Student Lead: Radu Baltean-Lugojan
This project investigates using problem structure for finding globally optimal solutions in non-convex optimisation. We analyse specific problem structure in volatility modelling (finance) and in pooling networks (oil & gas).
Background & Challenges
A wide range of theoretical and industrial applications of optimisation go beyond linear or convex problems and fall in the category of non-convex optimisation. Solving such problems implies multiple local optimal solutions, rendering gradient-based search unable to deterministically find the global optimal solution. Multiple frameworks for deterministic global optimisation have been proposed and implemented in academic and commercial solvers, most notably branch-and-bound or branch-and-cut.
However, existing approaches do not scale well to relevant large-scale problems which are often NP-Hard. In general, the more problem structure an optimisation solver is able to incorporate the more computationally efficient it becomes. Finally, there is a trade-off between using very specific problem structure (in analytical, topological or polyhedral form) and maintaining generality.
Piecewise Parametric Structure in the Pooling Problem (topological and analytical piecewise structure)
The standard pooling problem is a NP-hard sub-class of non-convex quadratically-constrained optimization problems that commonly arises in process systems engineering applications. We take a parametric approach to uncovering topological structure and sparsity of the standard pooling problem in its p-formulation. The structure uncovered in this approach validates Professor Christodoulos A. Floudas’ intuition that pooling problems are rooted in piecewise-defined functions. We introduce dominant active topologies to explicitly identify pooling problem sparsity and show that the sparse patterns of active topological structure are associated with a piecewise objective function. Finally, the paper explains the conditions under which sparsity vanishes and where the combinatorial complexity emerges to cross over the P/NP boundary. We formally present the results obtained and their derivations for various specialized pooling problem instances.
Non-linear calibration of implied volatility expansion models (algebraic structure approximation)

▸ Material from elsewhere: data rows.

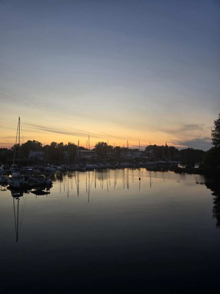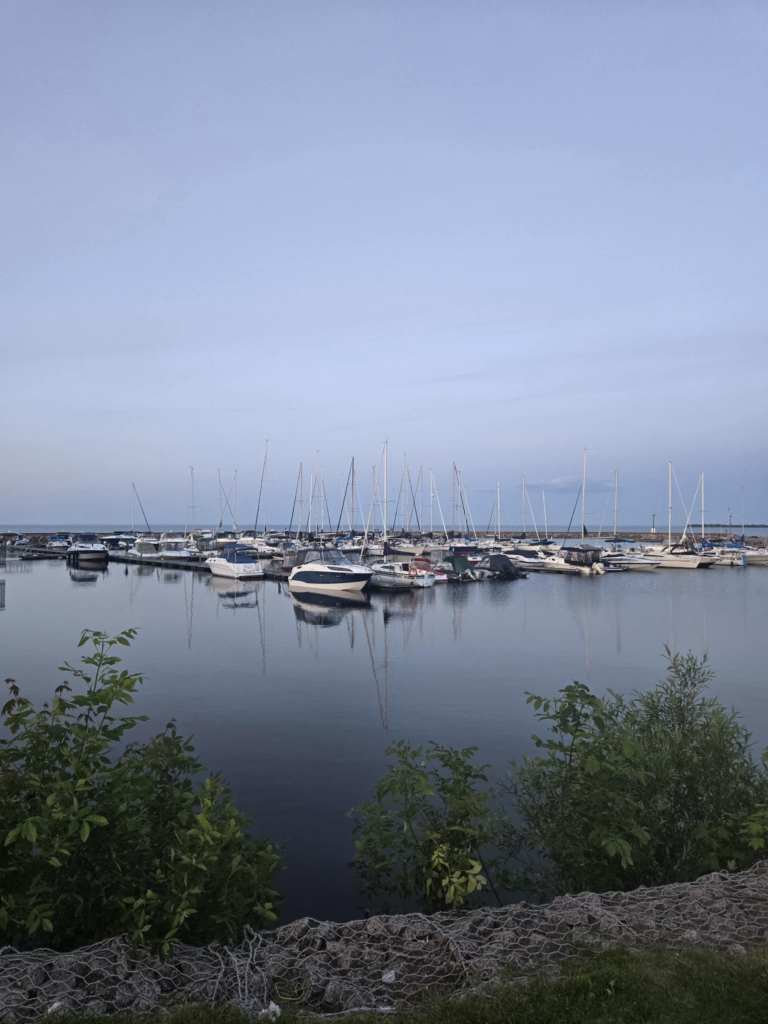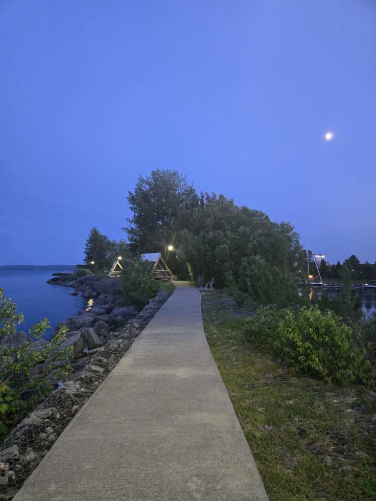 Le dernier boute de route de la journée est long pis relativement plate. À cette heure-là, on a pas mal de kilomètres derrière la cravate pis on commence à avoir faim. À admirer pendant cette dernière grosse heure de route, des arbres, des arbres, des arbres, pis des sapins. 🌳🌳🌳🌲 À mon avis, Evelyne doit pas être loin de penser qu’elle s’en est fait passer un en acceptant ce « petit » road trip. En arrivant finalement à Roberval, on se garroche au Normandin pour manger au plus sacrant. Y commence à être tard pis on aimerait bien avoir le temps d’aller voir le bord de l’eau avec un minimum de lumière. Le repas au Normandin satisfait tout le monde. On se dirige après à la petite marina juste à côté. ⛵⛵⛵ En 2023, j’étais venue marcher ici. Le quai est super le fun pis les aménagements autours sont vraiment jolis. Je sais d’avance que ça va plaire à mon père pis aux deux autres routards. À l’heure qu’il est, la lumière est juste parfaite pour profiter des lieux. On marche trois quart d’heures pis on prend des photos. Le temps est absolument idéal pour ça.
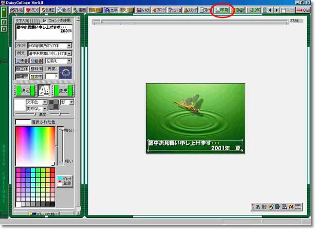 画面左上の[文字入力]ボックスを左クリックして、文章を入力して下さい。 次に表示する文字の[フォントの種類]、[色]などを調整します。 各設定が出来ましたら、[決定]ボタンを左クリックして下さい。 ※今回の設定内容のご案内 1) フォント・・・HGS創英角ポップ体 2) 文字の向きと位置・・・横書き・左揃え 3) 文字の状態・・・正体・細字 4) 文字の角度・・・0度 5) 文字の色・・・白 6) 文字の変形・・・なし 7) 文字の濃度・・・濃い(濃度バーの一番右端) 8) 影の色・・・黒 9) 影の濃度・・・中間(濃度バーの中央)
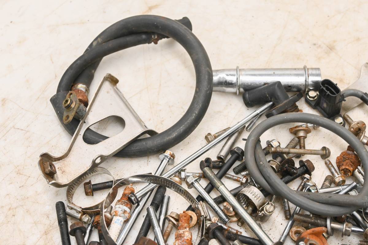 Hardware set includes all of the items pictured. Comes as pictured. Was removed from a 2004 Honda Aquatrax R-12X ARX1200.
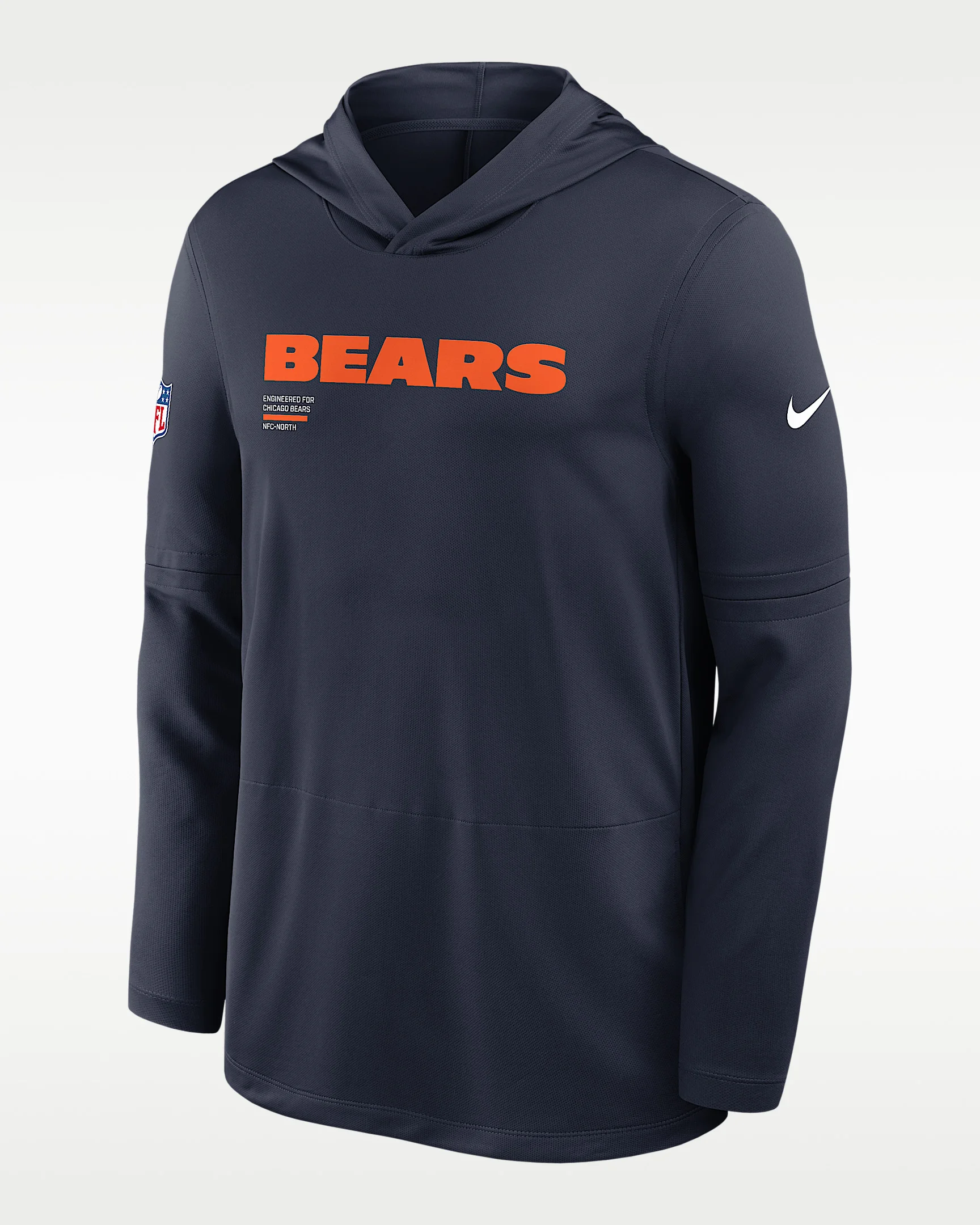 Perfect for lightweight coverage, the Pure Fury Sideline Top helps you comfortably support the Chicago Bears. It features sweat-wicking technology for ultimate comfort. Benefits - Nike Dri-FIT technology moves sweat away from your skin for quicker evaporation, helping you stay dry and comfortable. - Removable sleeves help add versatility for various conditions. Product Details - Front pocket - Hood without drawstring - 100% recycled polyester - Machine wash - Imported - Shown: Navy - Style: 03B941L7Q-P8B
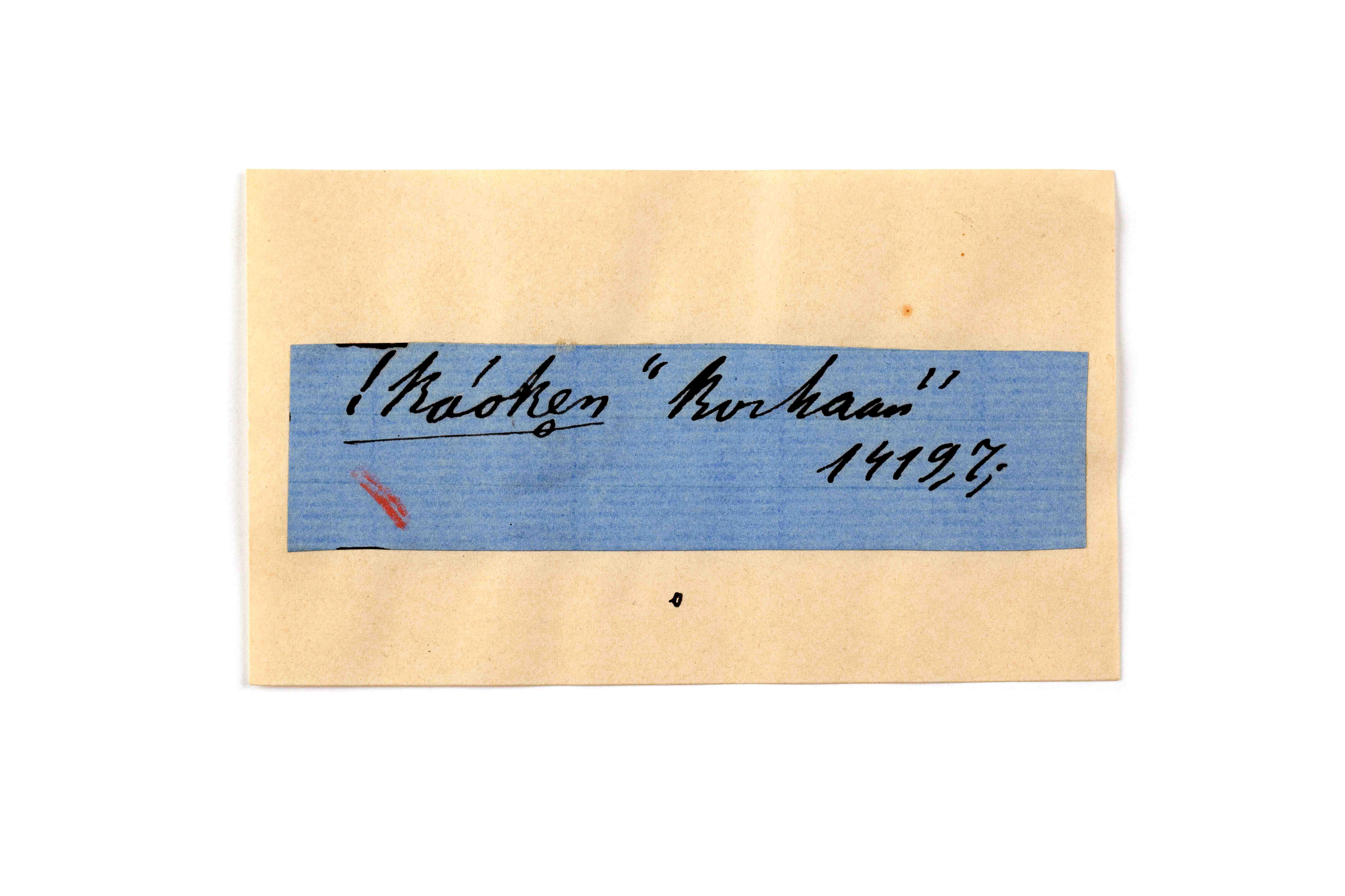 ink on blue paper glued on card

Implied volatility expansions allow calibration of sophisticated volatility models. They provide an accurate fit and parametrization of implied volatility surfaces that is consistent with empirical observations. Fine-grained higher order expansions offer a better fit but pose the challenge of finding a robust, stable, and computationally tractable calibration procedure due to a large number of market parameters and nonlinearities. We propose calibration schemes for second order expansions that take advantage of the model’s structure via exact parameter reductions and recoveries, reuse and scaling between expansion orders where permitted by the model asymptotic regime, and numerical iteration over bounded significant parameters. We perform a numerical analysis over 12 years of real S&P 500 index options data for both multiscale stochastic and general local-stochastic volatility models. Our methods are validated empirically by obtaining stable market parameters that meet the qualitative and numerical constraints imposed by their functional forms and model asymptotic assumptions.
- R. Baltean-Lugojan, R. Misener, Piecewise Parametric Structure in the Pooling Problem – from Sparse Strongly-Polynomial Solutions to NP-Hardness, submitted to journal, 2017.
- R. Baltean-Lugojan, P. Parpas, Robust numerical calibration for implied volatility expansion models, SIAM Journal on Financial Mathematics, volume 7, issue 1, pp.917–946, 2016.